Segment Open

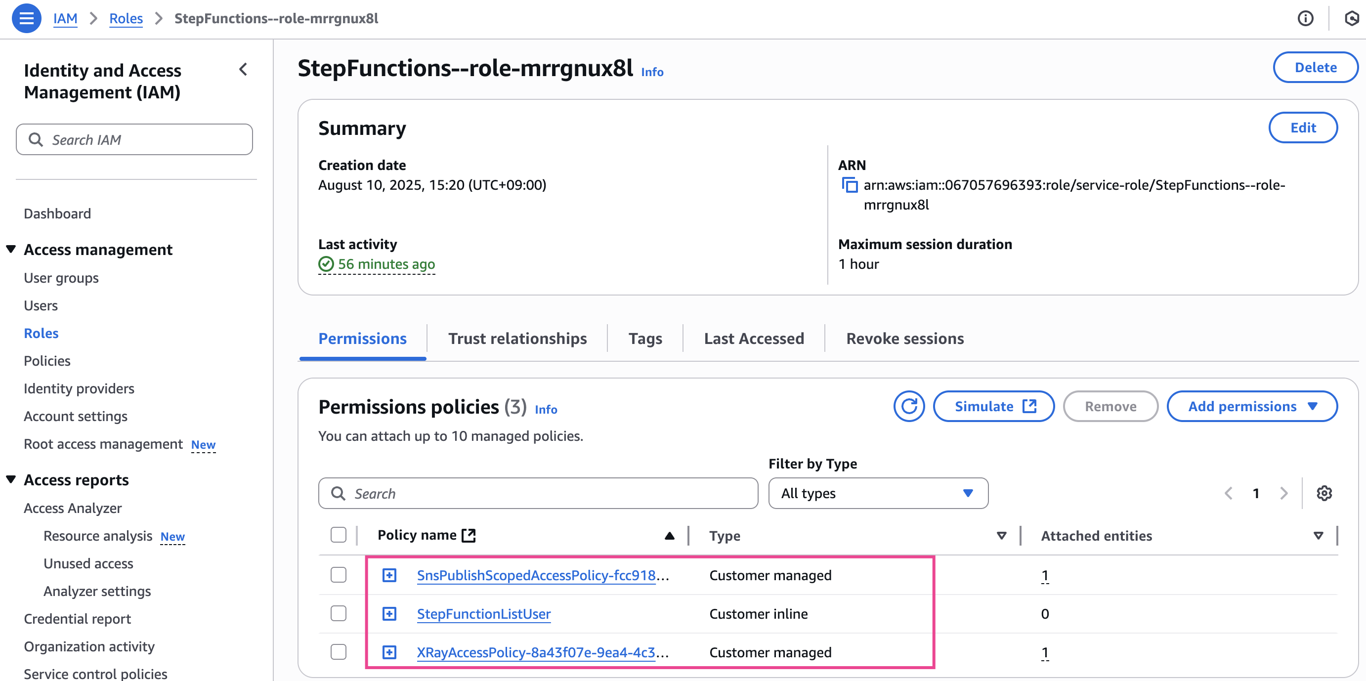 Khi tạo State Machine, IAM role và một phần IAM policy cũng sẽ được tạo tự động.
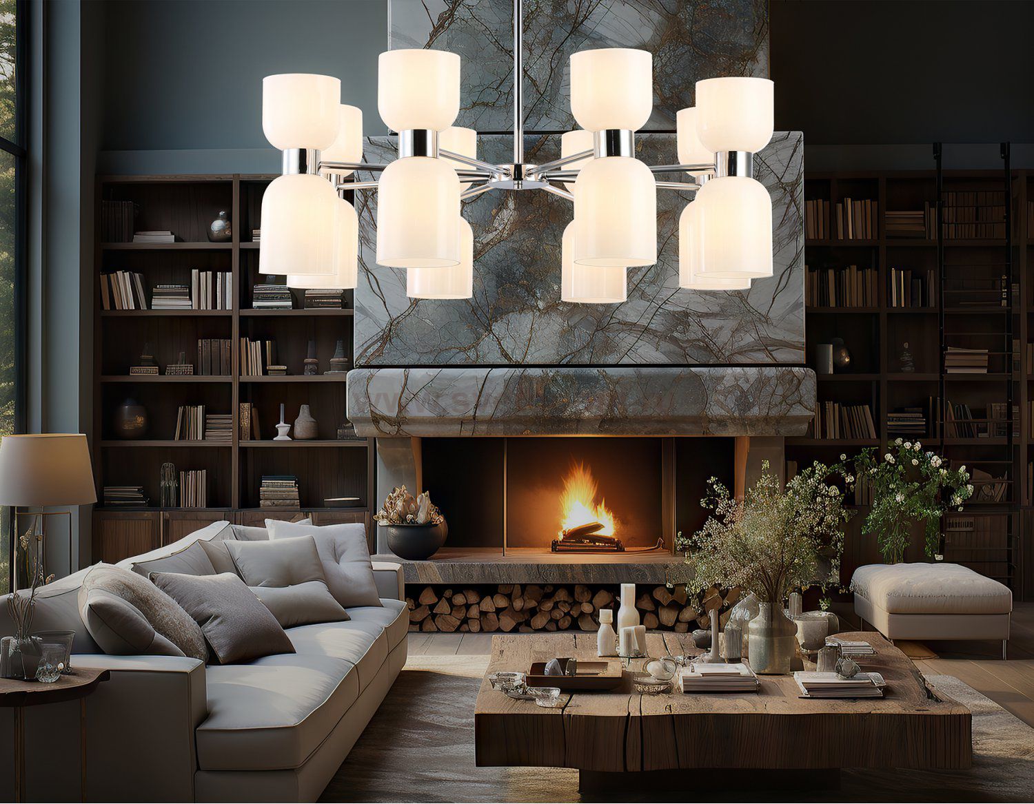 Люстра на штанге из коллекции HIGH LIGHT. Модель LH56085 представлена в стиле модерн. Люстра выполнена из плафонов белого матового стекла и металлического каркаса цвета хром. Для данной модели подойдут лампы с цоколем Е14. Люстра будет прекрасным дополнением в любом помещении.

Segment Closed
Segment Open

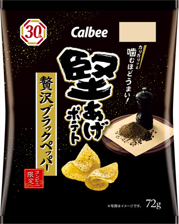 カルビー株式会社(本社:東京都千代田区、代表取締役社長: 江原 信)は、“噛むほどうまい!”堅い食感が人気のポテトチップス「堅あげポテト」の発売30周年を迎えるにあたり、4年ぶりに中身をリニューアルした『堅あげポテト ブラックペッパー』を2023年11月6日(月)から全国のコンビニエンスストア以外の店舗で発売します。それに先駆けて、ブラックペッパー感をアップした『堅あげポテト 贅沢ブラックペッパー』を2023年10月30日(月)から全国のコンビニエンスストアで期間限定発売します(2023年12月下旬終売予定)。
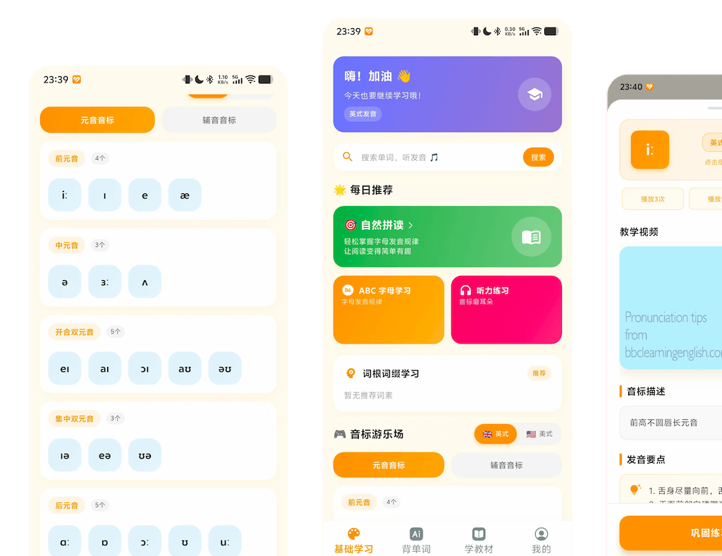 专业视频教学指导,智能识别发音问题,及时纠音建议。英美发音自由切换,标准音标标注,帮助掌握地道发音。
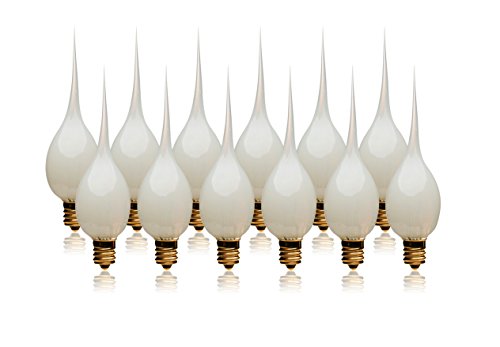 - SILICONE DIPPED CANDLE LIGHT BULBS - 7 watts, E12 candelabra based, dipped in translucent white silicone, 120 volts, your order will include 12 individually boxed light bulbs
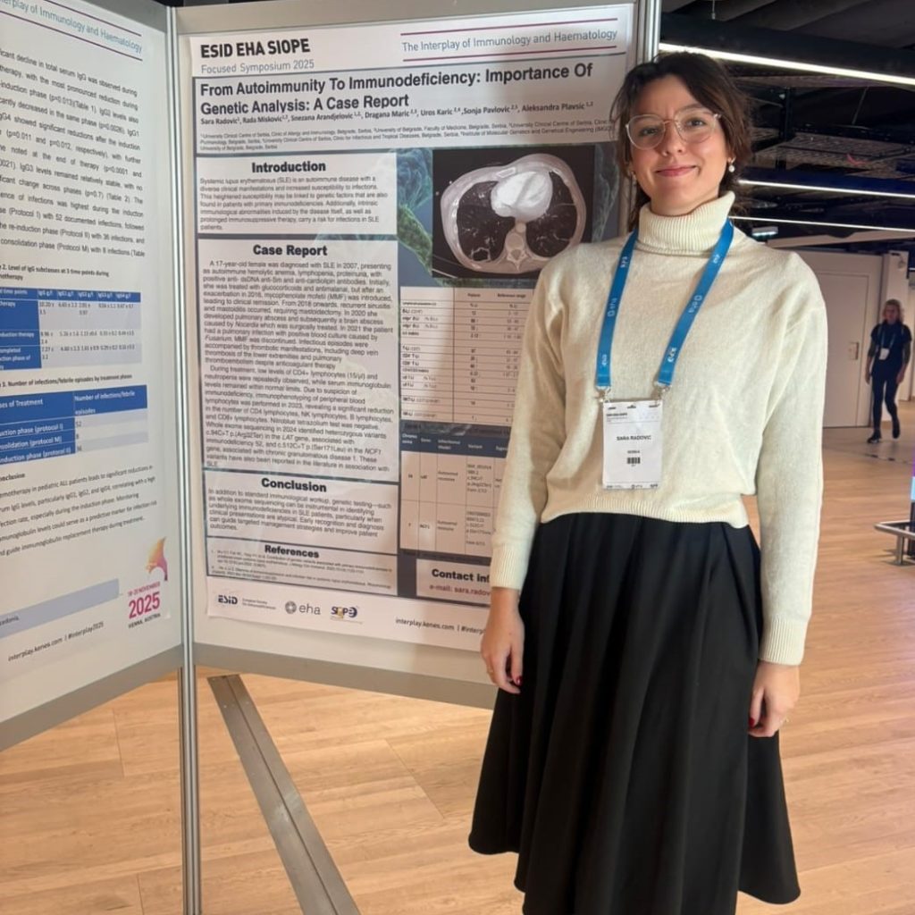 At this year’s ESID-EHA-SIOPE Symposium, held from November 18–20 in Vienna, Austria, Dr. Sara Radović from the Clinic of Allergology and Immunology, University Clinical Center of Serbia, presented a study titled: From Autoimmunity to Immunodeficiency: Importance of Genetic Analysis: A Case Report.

Segment Closed
Segment Open

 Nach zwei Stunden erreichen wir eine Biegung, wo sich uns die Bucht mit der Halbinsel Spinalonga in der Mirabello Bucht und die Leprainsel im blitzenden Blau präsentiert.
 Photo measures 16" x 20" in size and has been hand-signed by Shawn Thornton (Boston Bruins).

Segment Closed

→ Prompt: Looking above, find the stretch of lines that opens with the one holding "Khi tạo State" and closes with the one holding "Люстра на штанге". Copy it exactly, pictures excluded.

→ Answer space:
 Khi tạo State Machine, IAM role và một phần IAM policy cũng sẽ được tạo tự động.
 Люстра на штанге из коллекции HIGH LIGHT. Модель LH56085 представлена в стиле модерн. Люстра выполнена из плафонов белого матового стекла и металлического каркаса цвета хром. Для данной модели подойдут лампы с цоколем Е14. Люстра будет прекрасным дополнением в любом помещении.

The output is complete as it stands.